- THE DATA:
Start of Block
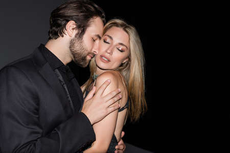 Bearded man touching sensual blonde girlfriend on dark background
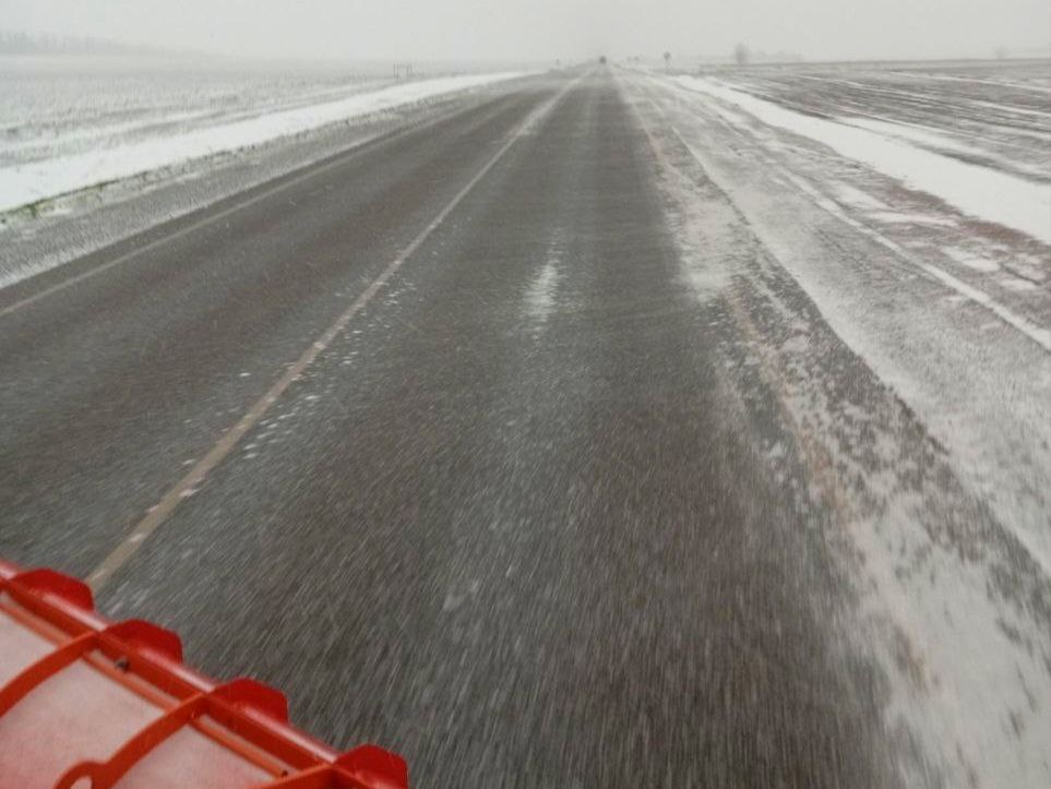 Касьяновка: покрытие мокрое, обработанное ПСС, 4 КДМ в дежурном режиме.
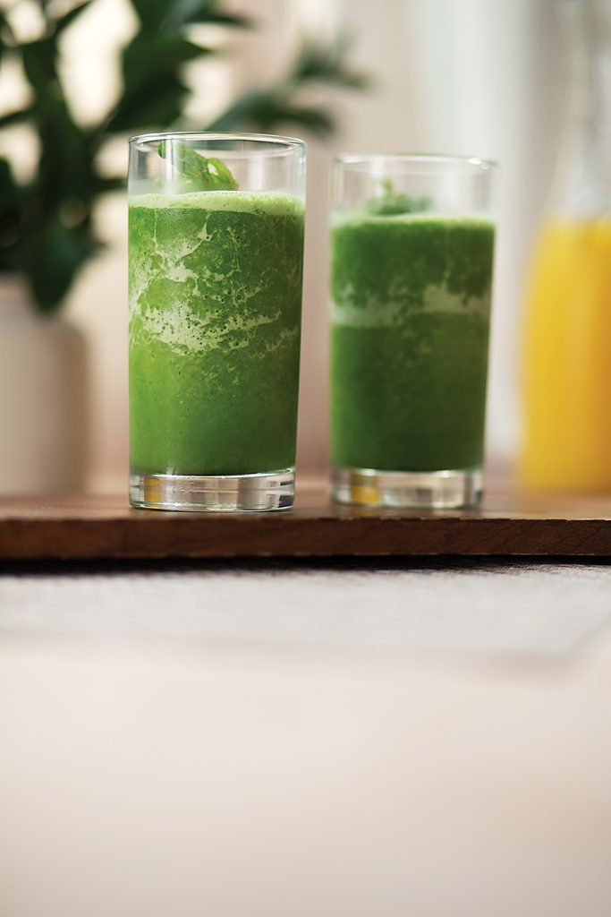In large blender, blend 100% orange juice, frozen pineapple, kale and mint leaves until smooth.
End of Block
- WHAT THE EXERCISE ASKS: The reply should consist only of the lines running from the one with "Касьяновка: покрытие мокрое, обработанное" through the end of the material, both included, copied exactly; please omit pictures.

- ANSWER FOR THE TASK:
 Касьяновка: покрытие мокрое, обработанное ПСС, 4 КДМ в дежурном режиме.
In large blender, blend 100% orange juice, frozen pineapple, kale and mint leaves until smooth.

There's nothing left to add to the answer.